Hacking

APT24 Deploys New BADAUDIO Malware in Long-Running Espionage Campaign

Eng. Donya Bino Published  ·  4 min read

A China-aligned threat group known as APT24 has spent nearly three years quietly infiltrating networks across Taiwan using a previously unknown piece of malware named BADAUDIO, according to new findings from Google’s Threat Intelligence Group (GTIG).
GTIG researchers Harsh Parashar, Tierra Duncan, and Dan Perez said the group has moved away from its earlier, broad website compromises and now favors more precise intrusion methods that offer deeper and longer-lasting access. Central to this shift is the repeated breach of a well-known digital marketing firm in Taiwan, allowing the attackers to launch supply chain attacks through trusted third-party JavaScript libraries.
APT24 also tracked as Pitty Tiger is believed to be active since at least 2008. Over the years, the group has targeted government bodies, telecom firms, nonprofits, and high-value industries in the U.S. and Taiwan. Their operations often revolve around stealing intellectual property that could help Chinese state-owned enterprises gain competitive advantages.

Long History, Familiar Tactics
Earlier investigations from FireEye linked APT24 to a range of malware families such as CT RAT, MM RAT, variants of Gh0st RAT, and the Taidoor backdoor. The group has historically relied on spear-phishing emails carrying malicious documents that exploit well-known Microsoft Office vulnerabilities.
APT24 is also closely connected to another China-backed cluster known as Earth Aughisky, which has used overlapping infrastructure and delivered backdoors like Specas alongside Taidoor.

BADAUDIO: A New Stealthy Downloader
GTIG’s latest report reveals that BADAUDIO has been active since November 2022. Written in C++ and heavily obfuscated through control-flow flattening, the malware acts as a first-stage downloader. It extracts and sends basic system information to a command-and-control server, which then responds with an AES-encrypted payload. In at least one confirmed case, that payload was a Cobalt Strike Beacon.
The malware typically arrives as a malicious DLL launched through DLL Search Order Hijacking, using trusted applications to mask its execution. More recent versions have been delivered through encrypted archives packaged with VBS, BAT, and LNK files, creating a multi-layered and difficult-to-analyze execution chain.
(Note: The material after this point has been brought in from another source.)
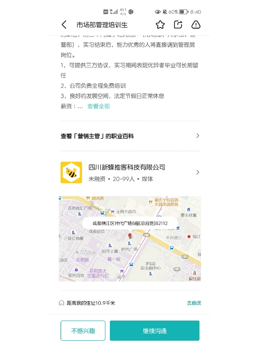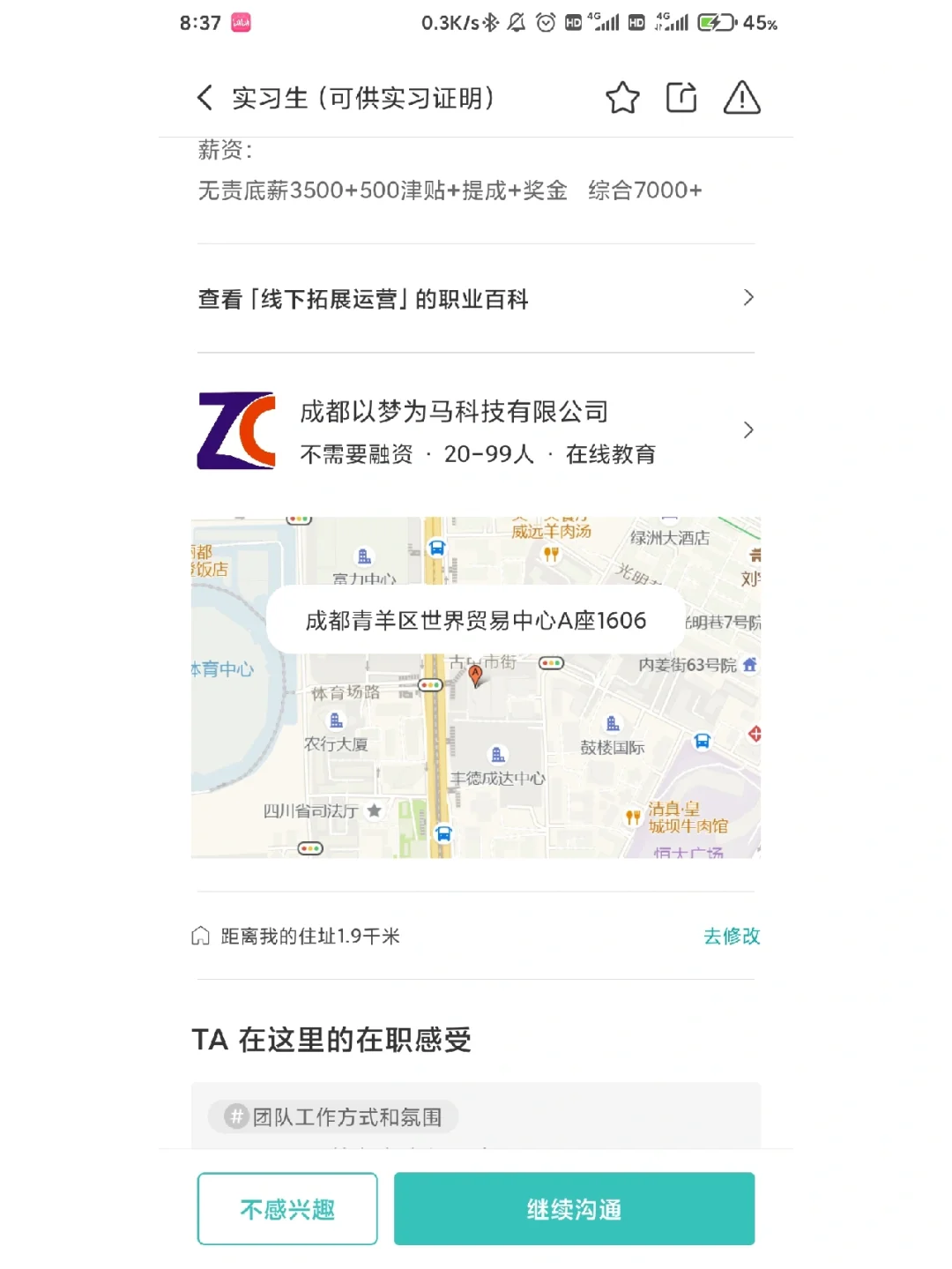 面试时候说的工资,跟培训时候说的完全不一样。不管你是不是想在市场部工作,第一个月就会在市场部去推广,让别人扫码小程序,说是时间自由,但是站一天至少八小时以上。反正很坑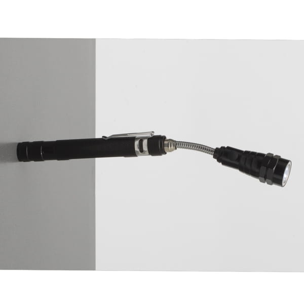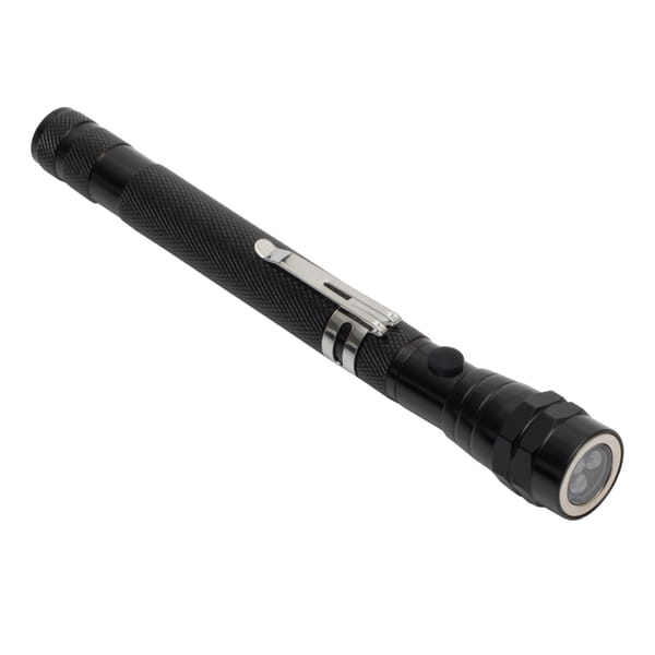 Metalowa wysuwana latarka. Teleskop o długości 38,5 cm. Wyposażona w 3 białe diody LED, o sumarycznym strumieniu światła 30 lumenów. Zaopatrzona w klips oraz magnesy na obu końcach. Zasilana 4 bateriami typu AG13.

Watering Holes and Supply Chain Compromise
Between late 2022 and early September 2025, APT24 compromised more than 20 legitimate websites, injecting JavaScript that fingerprinted visitors and served a fake Google Chrome update prompting them to download BADAUDIO. Notably, the script was configured to exclude macOS, iOS, and Android devices, signaling a clear focus on Windows targets.
The group escalated further in July 2024, when it breached a regional digital marketing firm. By tampering with a widely used JavaScript library distributed by the company, APT24 gained access to over 1,000 domains. A typosquatted CDN domain delivered the fingerprinting script and the malware download prompts.
A brief lapse in targeting restrictions in August 2025 allowed all websites using the compromised library to be exposed for ten days before the attackers reimposed selective filtering.
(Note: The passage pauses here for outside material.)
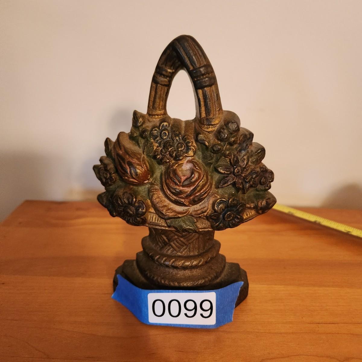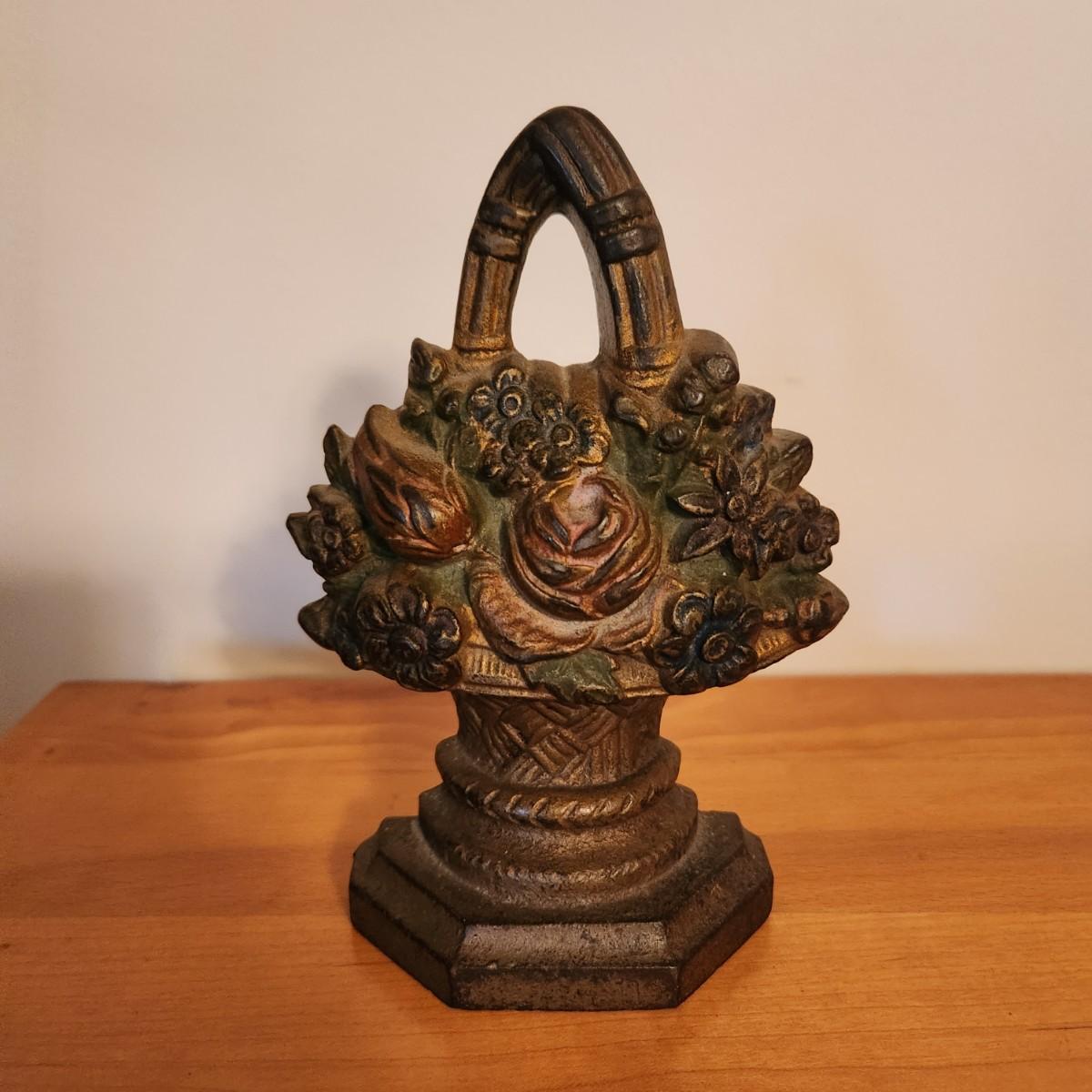 Heavy Cast Iron Bouquet Basket Door Stop Bookend

Targeted Phishing for Additional Access
Since August 2024, APT24 has also carried out spear-phishing attacks using lures tied to an animal rescue organization. These emails, sent via Google Drive and Microsoft OneDrive, delivered encrypted archives containing BADAUDIO. Tracking pixels embedded in the messages allowed the group to confirm when targets opened the email and adjust follow-up attempts.
GTIG noted that the combined use of supply chain abuse, tailored phishing, and legitimate cloud services demonstrates the group’s ability to adapt and sustain long-term access for espionage purposes.

Additional Regional Activity Connected to China-Nexus Actors
Around the same time frame, security firm CyberArmor uncovered a separate but related espionage effort targeting government, media, and news organizations across Southeast Asia. Codenamed Autumn Dragon, the campaign targeted Laos, Cambodia, Singapore, the Philippines, and Indonesia.
Attackers used spear-phishing emails delivering a RAR archive exploiting a WinRAR vulnerability (CVE-2025-8088). This launched a batch script that established persistence and downloaded a second archive from Dropbox, triggering a DLL side-loading chain that communicated with operators via Telegram.
The final payload, a lightweight C++ implant, contacted a server on public.megadatacloud[.]com and supported commands for remote execution, file operations, and shellcode injection. Cloudflare-protected infrastructure and geo-restrictions hinted at deliberate, target-specific execution.